- _Task prompt_:
Take the entries below and print, exactly, the stretch from the line containing "Assistant Store Manager - Malden" through the line containing "桃江县石牛江镇中心学校2020年度部门决算公开说明", both included.

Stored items
○ ○ ○
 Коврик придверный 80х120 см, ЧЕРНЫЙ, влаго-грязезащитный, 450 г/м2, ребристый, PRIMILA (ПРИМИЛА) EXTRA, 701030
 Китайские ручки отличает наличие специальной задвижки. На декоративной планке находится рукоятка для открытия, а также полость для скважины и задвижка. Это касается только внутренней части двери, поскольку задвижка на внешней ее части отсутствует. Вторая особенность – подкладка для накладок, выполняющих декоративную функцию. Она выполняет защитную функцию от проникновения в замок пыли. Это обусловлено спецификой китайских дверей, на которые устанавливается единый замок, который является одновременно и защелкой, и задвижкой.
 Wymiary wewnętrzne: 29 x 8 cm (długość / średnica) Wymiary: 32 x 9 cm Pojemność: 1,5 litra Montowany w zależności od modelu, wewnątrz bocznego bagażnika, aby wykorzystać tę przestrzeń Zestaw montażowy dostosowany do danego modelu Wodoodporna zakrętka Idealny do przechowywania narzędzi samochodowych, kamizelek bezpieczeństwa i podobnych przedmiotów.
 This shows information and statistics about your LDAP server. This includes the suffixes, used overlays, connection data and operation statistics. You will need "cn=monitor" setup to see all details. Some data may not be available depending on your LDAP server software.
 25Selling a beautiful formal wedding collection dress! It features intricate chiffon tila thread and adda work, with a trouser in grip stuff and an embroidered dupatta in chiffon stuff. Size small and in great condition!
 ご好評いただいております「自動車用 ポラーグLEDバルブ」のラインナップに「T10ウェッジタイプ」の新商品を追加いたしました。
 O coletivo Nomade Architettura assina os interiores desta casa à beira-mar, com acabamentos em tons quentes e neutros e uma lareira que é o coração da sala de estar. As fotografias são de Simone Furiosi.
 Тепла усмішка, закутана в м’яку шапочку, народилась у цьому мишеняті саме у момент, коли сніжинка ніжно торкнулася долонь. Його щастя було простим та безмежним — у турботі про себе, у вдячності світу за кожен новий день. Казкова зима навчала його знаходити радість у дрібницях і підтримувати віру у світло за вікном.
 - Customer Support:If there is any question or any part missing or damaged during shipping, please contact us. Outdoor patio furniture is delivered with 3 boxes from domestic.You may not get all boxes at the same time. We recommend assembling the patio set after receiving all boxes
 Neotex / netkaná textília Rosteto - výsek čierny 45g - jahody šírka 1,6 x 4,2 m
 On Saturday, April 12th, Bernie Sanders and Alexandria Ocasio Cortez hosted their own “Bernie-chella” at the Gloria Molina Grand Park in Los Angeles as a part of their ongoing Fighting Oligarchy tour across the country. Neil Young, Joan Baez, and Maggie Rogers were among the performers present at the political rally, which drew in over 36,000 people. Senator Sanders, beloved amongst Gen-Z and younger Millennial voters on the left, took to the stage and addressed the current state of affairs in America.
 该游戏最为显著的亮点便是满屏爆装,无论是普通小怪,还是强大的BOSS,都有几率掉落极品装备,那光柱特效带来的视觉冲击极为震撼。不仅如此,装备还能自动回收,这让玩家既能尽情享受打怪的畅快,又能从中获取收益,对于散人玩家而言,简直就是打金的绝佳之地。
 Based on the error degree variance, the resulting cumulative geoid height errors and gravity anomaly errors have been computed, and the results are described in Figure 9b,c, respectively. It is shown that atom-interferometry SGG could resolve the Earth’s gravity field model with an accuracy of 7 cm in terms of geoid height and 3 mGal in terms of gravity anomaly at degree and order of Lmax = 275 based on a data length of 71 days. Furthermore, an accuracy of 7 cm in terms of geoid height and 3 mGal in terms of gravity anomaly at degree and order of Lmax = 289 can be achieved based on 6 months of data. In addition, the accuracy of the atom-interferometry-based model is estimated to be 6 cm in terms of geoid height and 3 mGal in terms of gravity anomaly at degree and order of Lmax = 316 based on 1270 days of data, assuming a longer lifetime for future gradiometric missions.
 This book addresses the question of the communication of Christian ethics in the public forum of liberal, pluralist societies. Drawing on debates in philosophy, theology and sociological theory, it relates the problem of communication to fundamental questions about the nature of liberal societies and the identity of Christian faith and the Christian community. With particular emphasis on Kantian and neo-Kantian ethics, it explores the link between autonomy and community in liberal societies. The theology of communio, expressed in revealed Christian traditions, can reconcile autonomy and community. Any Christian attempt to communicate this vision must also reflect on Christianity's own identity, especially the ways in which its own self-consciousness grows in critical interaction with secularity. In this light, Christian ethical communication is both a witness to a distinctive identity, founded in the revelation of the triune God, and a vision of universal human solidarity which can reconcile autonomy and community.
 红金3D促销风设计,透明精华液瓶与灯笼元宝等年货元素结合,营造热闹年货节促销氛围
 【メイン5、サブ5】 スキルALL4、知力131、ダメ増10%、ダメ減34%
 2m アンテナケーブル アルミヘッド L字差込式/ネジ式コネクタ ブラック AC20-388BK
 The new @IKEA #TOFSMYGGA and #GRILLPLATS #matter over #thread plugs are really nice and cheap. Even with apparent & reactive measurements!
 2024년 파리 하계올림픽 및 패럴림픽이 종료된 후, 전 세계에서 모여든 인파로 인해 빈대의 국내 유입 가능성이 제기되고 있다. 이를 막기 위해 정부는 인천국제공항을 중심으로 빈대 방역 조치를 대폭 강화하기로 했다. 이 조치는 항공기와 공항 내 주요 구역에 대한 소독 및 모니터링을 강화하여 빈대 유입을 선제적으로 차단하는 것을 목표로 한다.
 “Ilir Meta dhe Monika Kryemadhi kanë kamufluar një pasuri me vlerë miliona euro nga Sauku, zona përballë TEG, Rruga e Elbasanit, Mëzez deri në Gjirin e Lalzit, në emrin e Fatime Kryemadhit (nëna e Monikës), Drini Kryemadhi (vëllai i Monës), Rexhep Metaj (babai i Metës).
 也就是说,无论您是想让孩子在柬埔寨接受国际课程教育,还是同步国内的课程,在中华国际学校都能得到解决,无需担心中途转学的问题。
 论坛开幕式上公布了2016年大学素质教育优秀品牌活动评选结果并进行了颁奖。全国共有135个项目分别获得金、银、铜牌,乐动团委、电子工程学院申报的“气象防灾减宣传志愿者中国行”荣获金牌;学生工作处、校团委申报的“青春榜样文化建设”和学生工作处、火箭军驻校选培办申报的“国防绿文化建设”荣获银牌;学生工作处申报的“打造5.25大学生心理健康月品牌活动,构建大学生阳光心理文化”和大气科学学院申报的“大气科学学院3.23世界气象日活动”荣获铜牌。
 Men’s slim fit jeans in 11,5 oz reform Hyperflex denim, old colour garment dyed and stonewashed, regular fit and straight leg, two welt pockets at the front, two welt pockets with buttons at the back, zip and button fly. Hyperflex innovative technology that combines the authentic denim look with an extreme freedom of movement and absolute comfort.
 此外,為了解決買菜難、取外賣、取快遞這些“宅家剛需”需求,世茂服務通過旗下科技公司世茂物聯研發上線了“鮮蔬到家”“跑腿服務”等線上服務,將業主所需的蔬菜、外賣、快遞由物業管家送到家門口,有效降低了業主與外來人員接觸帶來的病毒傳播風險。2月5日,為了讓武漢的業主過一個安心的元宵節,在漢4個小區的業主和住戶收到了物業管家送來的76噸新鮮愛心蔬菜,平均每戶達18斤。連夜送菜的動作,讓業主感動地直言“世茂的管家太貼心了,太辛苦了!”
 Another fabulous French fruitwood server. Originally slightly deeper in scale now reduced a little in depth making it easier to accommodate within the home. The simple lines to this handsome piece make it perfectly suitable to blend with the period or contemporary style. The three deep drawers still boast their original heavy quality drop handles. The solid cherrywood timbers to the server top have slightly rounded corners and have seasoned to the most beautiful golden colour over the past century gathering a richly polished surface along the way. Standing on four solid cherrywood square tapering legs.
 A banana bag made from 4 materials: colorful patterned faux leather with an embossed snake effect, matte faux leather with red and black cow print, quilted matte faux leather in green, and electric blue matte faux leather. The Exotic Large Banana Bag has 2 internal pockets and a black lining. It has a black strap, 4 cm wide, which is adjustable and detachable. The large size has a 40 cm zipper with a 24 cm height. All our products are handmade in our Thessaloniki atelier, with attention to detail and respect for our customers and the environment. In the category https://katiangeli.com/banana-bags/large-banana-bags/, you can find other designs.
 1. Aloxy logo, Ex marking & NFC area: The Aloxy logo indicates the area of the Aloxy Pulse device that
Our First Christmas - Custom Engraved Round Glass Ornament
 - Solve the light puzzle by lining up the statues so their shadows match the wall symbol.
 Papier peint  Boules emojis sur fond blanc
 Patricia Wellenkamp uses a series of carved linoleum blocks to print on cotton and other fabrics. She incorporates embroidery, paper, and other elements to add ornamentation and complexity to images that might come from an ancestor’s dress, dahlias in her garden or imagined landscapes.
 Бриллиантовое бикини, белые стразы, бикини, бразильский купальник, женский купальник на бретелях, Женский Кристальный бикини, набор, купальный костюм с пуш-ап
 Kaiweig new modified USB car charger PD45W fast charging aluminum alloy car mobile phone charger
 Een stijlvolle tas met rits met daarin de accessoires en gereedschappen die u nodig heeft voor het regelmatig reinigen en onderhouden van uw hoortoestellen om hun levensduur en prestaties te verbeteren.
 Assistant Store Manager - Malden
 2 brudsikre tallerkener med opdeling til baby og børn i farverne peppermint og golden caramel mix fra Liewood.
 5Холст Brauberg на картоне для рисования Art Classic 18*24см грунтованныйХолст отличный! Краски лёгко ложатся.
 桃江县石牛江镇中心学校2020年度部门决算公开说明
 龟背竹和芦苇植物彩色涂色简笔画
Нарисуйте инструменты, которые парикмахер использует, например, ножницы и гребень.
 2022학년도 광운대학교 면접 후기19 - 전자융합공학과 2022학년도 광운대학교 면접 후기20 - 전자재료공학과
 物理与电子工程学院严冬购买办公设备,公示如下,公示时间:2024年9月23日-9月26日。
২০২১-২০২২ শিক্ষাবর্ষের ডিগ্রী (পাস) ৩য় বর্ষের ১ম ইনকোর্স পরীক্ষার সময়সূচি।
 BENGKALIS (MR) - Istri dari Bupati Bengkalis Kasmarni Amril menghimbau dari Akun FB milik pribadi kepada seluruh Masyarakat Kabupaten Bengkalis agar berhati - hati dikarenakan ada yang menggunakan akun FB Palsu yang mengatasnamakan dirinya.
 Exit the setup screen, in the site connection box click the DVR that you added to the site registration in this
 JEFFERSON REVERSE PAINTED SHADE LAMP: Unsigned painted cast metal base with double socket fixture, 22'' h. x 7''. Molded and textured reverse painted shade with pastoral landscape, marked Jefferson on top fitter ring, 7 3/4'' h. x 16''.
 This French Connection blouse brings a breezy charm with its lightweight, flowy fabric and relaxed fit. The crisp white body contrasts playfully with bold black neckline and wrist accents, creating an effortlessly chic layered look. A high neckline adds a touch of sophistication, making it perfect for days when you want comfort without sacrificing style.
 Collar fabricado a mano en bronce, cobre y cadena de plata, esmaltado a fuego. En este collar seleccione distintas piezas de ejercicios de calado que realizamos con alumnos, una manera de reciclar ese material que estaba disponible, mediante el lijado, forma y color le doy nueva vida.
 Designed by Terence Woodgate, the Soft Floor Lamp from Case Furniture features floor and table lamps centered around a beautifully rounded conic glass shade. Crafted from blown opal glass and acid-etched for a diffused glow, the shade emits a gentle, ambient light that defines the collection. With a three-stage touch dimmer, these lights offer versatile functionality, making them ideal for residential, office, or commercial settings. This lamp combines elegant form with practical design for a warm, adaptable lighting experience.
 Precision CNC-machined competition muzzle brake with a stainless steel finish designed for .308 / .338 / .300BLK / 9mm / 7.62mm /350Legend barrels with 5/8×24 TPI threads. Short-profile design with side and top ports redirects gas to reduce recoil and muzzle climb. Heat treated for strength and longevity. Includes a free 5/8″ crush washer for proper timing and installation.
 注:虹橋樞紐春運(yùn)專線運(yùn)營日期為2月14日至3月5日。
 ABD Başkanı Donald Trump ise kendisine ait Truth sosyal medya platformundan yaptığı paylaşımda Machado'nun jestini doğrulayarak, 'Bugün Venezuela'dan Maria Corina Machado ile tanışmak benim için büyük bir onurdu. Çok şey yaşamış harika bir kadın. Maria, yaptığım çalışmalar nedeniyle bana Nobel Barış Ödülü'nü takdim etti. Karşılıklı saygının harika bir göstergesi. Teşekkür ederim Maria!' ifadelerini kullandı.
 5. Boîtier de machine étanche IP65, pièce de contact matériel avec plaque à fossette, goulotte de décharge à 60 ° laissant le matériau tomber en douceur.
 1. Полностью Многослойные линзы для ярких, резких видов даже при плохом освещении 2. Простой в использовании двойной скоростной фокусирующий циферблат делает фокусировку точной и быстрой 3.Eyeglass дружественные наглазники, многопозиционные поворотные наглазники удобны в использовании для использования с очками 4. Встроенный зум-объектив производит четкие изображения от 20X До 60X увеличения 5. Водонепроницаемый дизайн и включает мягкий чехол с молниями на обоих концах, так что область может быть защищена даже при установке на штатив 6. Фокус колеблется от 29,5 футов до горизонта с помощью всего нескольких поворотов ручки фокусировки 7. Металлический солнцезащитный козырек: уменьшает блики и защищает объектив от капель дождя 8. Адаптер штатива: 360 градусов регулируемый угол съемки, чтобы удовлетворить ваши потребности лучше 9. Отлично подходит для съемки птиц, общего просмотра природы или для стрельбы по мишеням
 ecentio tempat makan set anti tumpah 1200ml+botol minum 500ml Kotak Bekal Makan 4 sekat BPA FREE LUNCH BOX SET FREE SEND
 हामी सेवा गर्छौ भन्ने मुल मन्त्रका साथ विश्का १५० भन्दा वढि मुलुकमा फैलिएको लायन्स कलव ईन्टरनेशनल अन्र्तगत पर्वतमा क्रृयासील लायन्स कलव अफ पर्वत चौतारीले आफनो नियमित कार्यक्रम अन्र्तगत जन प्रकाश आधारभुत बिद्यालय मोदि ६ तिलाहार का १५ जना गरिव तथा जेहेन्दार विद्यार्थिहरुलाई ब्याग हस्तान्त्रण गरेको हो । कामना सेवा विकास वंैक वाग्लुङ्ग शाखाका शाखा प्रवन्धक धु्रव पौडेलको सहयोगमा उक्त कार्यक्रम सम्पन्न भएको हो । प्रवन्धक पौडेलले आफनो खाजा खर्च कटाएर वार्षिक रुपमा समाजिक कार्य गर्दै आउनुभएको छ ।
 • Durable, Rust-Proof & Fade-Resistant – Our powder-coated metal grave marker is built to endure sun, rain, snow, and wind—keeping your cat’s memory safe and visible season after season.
○ ○ ○
- _Answer to the exercise_:
 Assistant Store Manager - Malden
 2 brudsikre tallerkener med opdeling til baby og børn i farverne peppermint og golden caramel mix fra Liewood.
 5Холст Brauberg на картоне для рисования Art Classic 18*24см грунтованныйХолст отличный! Краски лёгко ложатся.
 桃江县石牛江镇中心学校2020年度部门决算公开说明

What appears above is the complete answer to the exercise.